With headless content management systems, designers and developers are given incredible power and flexibility. Power we never had with the monolithic solutions of the past like Wordpress, Drupal, Shopify, or Magento. The problem is that with great power and flexibility, comes great complexity. We spend a lot of time and energy on the design of our interfaces for customers. Yet, we think very little about the user experience of the back end systems that go into this.
The prevailing belief is that employees and administrators can suffer the pain as long as the user experience for customers is great. When it comes to the classical content management systems, many of us have been institutionalized. We're years away from the pain of learning our way around Wordpress or Drupal or BigCommerce. When we build for headless, a CMS like Contentful or Contentstack can be a dream. However, because the configuration is largely dependent on the developer setting it up, the user experience for your internal teams can manifest as a nightmare.
This is the side of headless that the industry itself still has not come around to. There is an entire user experience that now must be crafted behind the CMS itself. In fact, headless content management systems can be used to house far more than just content. At Cause of a Kind, we're using headless systems to build entire command and control centers for applications. They come complete with the ability to modify the content and imagery, craft event triggers with web hooks, and even modify the UI of the CMS itself. They give us everything we need not just to control our web interfaces, but also a way to tie together disparate internal systems. They help us wrangle a tangled ball of third-party systems into a neat pipeline of data. We can then safely give control of these systems to non-technical stakeholders.

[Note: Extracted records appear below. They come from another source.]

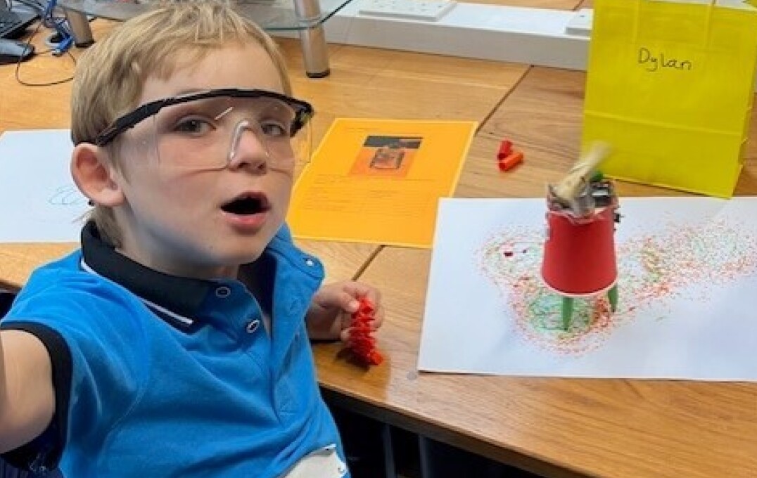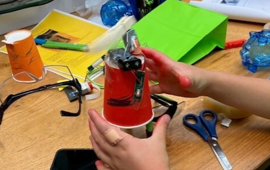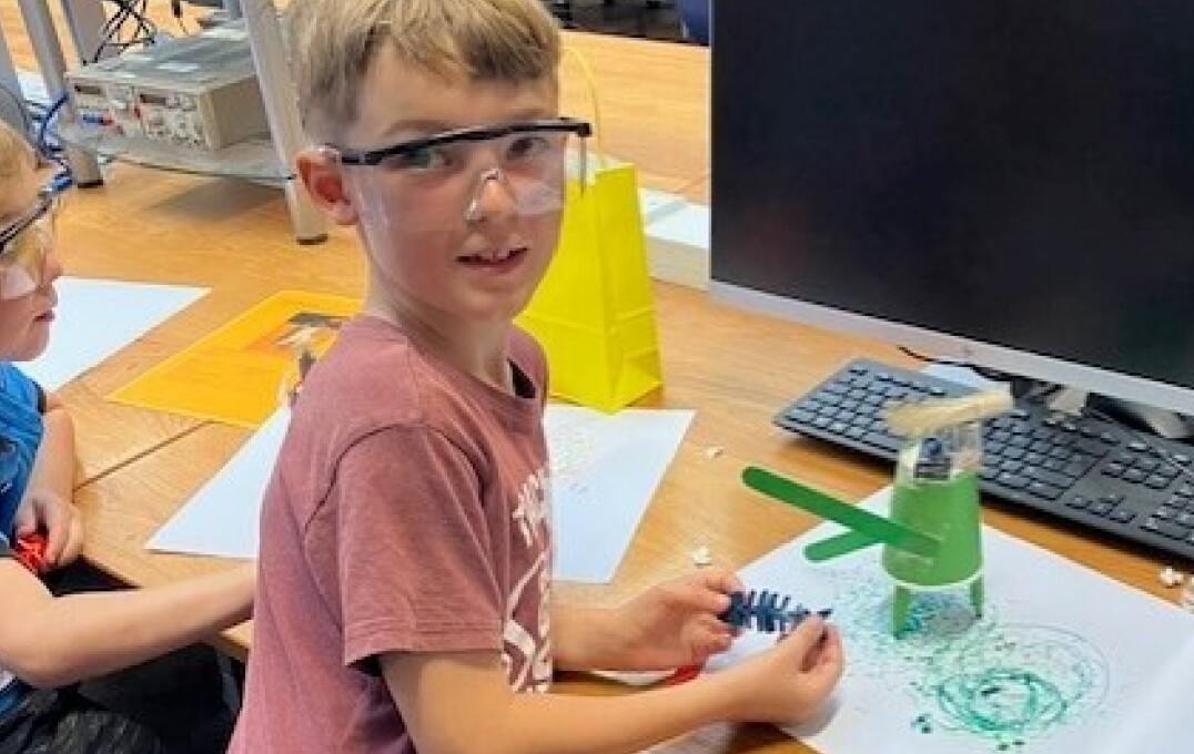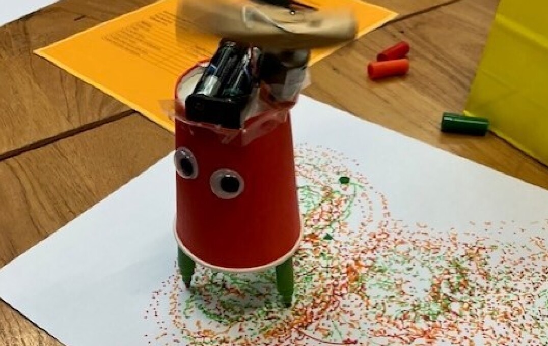 Our electronics lab technicians May and Vic were on hand to help the children build a circuit using a DC motor, wires, and a battery, then attach it to a paper cup, slightly off balanced, to make a simple robot that jiggles around. With marker pens for legs, you can set these characters running on a piece of paper and they’ll create their own unique abstract art for you.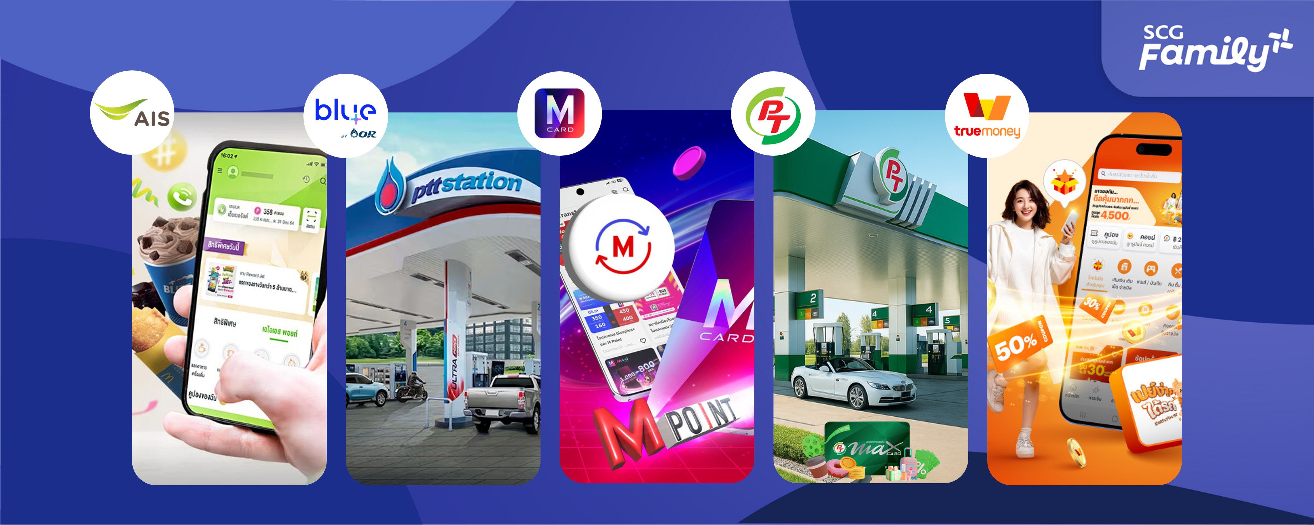 นอกจากนี้ SCG Family Plus+ ยังเป็นโปรแกรมที่เปิดกว้างสู่ความร่วมมือกับพันธมิตรแบรนด์ไทยชั้นนำ ได้แก่ AIS, blueplus+, The Mall Group, PTG และ TrueMoney เพื่อมอบสิทธิพิเศษที่หลากหลาย ครอบคลุมทั้งการเดินทาง ช้อปปิ้ง การสื่อสาร และพลังงาน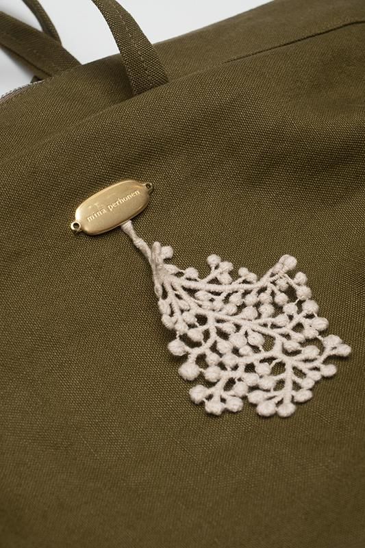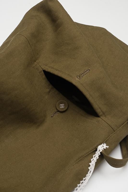 肩掛け用のショルダーの紐が付き、物を入れることで底の生地がたわみ、丸みのあるシルエットになる形状が特徴です。内側左右にポケット、外側からも物を入れられる仕様になっています。アクセントに真鍮のプレートとレースのモチーフが付いています。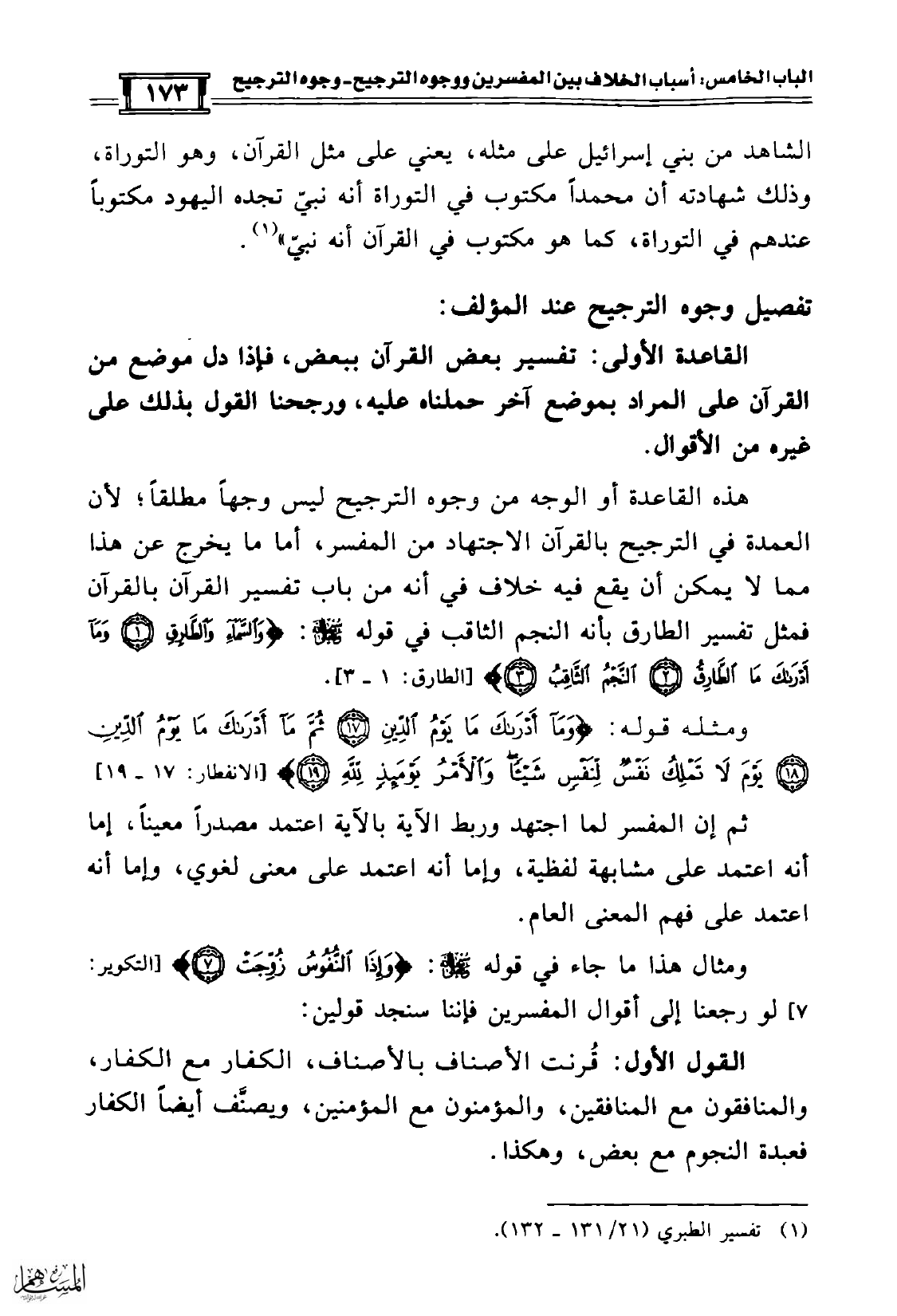 (¬1) تفسير الطبري (21/ 131 - 132).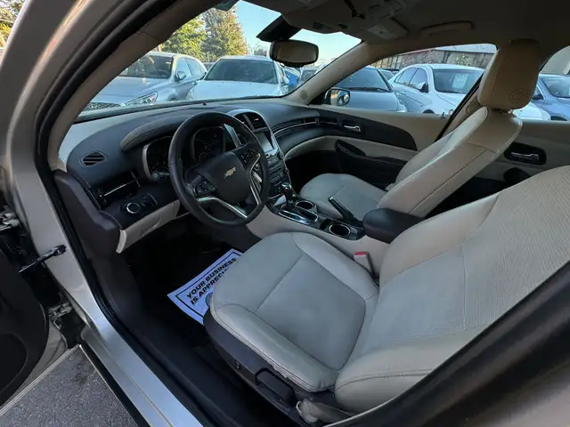 This Beautiful Chevy Malibu with light Gold exterior and Cream luxury interior includes climate control, cruise control, trip computer, oil-life monitor, tire pressure monitor, remote keyless entry, OnStar, two 12-volt power outlets, tilt and telescoping steering column, illuminated vanity mirrors, power windows with express down, four-way adjustable passengers seat, 60/40 split folding rear seat, sliding armrest, alarm, automatic headlights, 16-inch alloy wheels, power mirrors with integrated turn signals, tire inflation kit, and a six-speaker stereo system with AM/FM/CD/MP3, and Bluetooth handsfree phone. Key options include compact spare tire, rear park assist, remote starter, block heater and adds projector beam headlights, interior ambient lighting, premium cloth upholstery, MyLink infotainment system with seven-inch display, CD player, Bluetooth audio, USB port, satellite radio & Much More !

This frees development teams from one line text changes and running simple scripts to migrate data from one system to another. We've used headless content management systems to build everything from complex brochure and e-commerce websites, to feature flag systems for continuous integration, all the way to medical software that aggregates data from remote devices. This type of power gives us the ability to deliver value faster to customers and more power to internal stakeholders. That being said, leaving this kind of UX design to a team of engineers is often the place where things go south.
Headless content management systems have created their own uncanny valley. The closer the system gets to a great user experience, the more intolerable things can become for users. For example, let's take an old school CMS like Joomla. When modified it becomes quite odd to use. It is riddled with terms like articles, modules, and components that end up representing different entities than we would expect. However, it is understood by the users that there will be a learning curve. They will have to memorize where these things go and what they will effect. The expectation is that this system WILL NOT be intuitive, and this is understood as soon as the user logs in.
With legacy content management systems, you didn't have to consider the user experience. The user experience was dictated for you. You suffered repurposing entities like posts, blocks, components, and articles for new use cases. Administrators decorated their monitors with post-it notes full of little tips for how to use the CMS. Internal stakeholders understood the tradeoff of using what's available to avoiding building something from scratch. These oddities became acceptable abstraction leaks and a challenging user experience was the expectation.
Contrast this with a headless content management system. Here, the workflows can be carefully crafted, entity terminology can matched to the industry, and custom plugins can make the editing experience more intuitive. The problem is, when users expect something intuitive and simple to use, yet it is not, that friction if felt ten fold! It's even worse when you get almost everything right.
So how do we get this right? You need to talk to the users! It's important during the process of configuring the CMS, that you, the engineer, sit down and talk with some users. Show them how you're thinking of configuring things. Ask them about their workflows and pain points. At Cause of a Kind the user flows in the back of the house make it to the story map and design documents.
We may not need UX designers to create mockups like we do for the customer facing application, but we certainly need to prototype. Before you hook up the CMS, create some models and fill in some data. Share it with the people that manage the system and ask for their feedback. You won't get things perfect, but you'll be able to cross that uncanny valley between expected discomfort and that thing that was almost delightful.